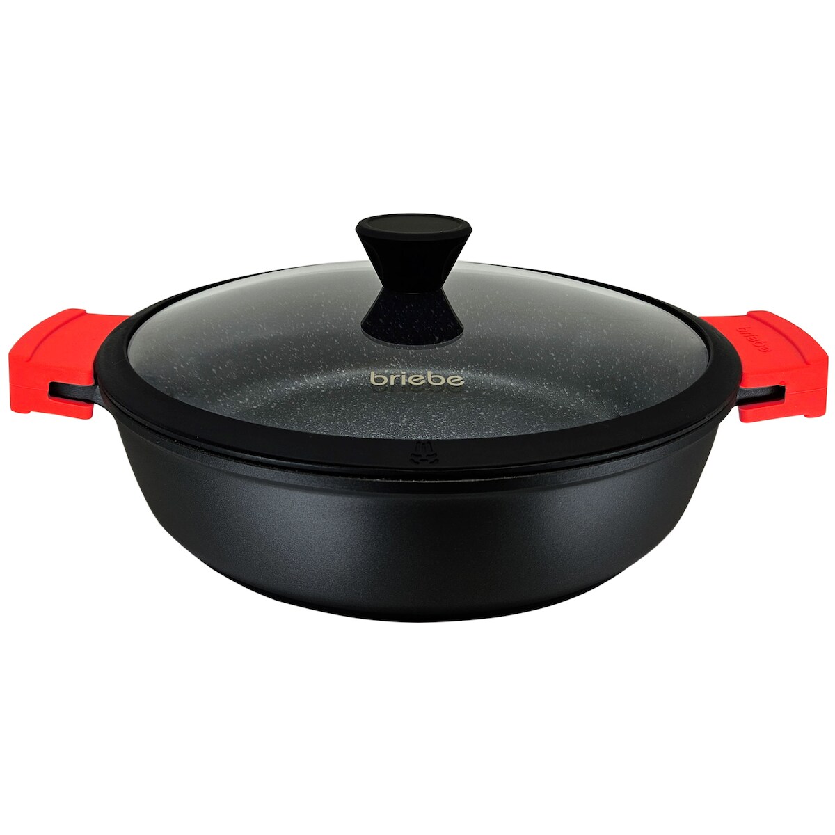 Briebe Black Titanium Servierpfanne für InduktionTitan, Topf 30cm Gussaluminium PFOA-Freie Glasdeckel, Schwarz
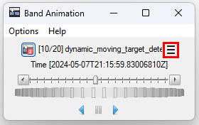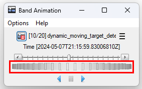 Click and hold the left mouse button over the "wheel" in the Band Animation dialog, then drag in either direction. This displays each frame (band) incrementally. Each one represents a unique viewing angle at a specific point in time during the spotlight acquisition.
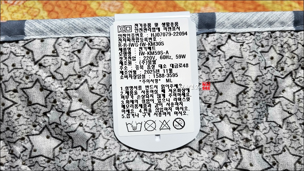 그동안 잘 사용했던 ㅅ풍 전기매트(요) 1인용이 270W였으니 59W라면 거의 1/5 수준이다.

§ **WORK REQUEST**: Only the pictures are dropped. Otherwise, write out the listing exactly.

§ **REPLY TO THE TASK**:
 Briebe Black Titanium Servierpfanne für InduktionTitan, Topf 30cm Gussaluminium PFOA-Freie Glasdeckel, Schwarz
 Click and hold the left mouse button over the "wheel" in the Band Animation dialog, then drag in either direction. This displays each frame (band) incrementally. Each one represents a unique viewing angle at a specific point in time during the spotlight acquisition.
 그동안 잘 사용했던 ㅅ풍 전기매트(요) 1인용이 270W였으니 59W라면 거의 1/5 수준이다.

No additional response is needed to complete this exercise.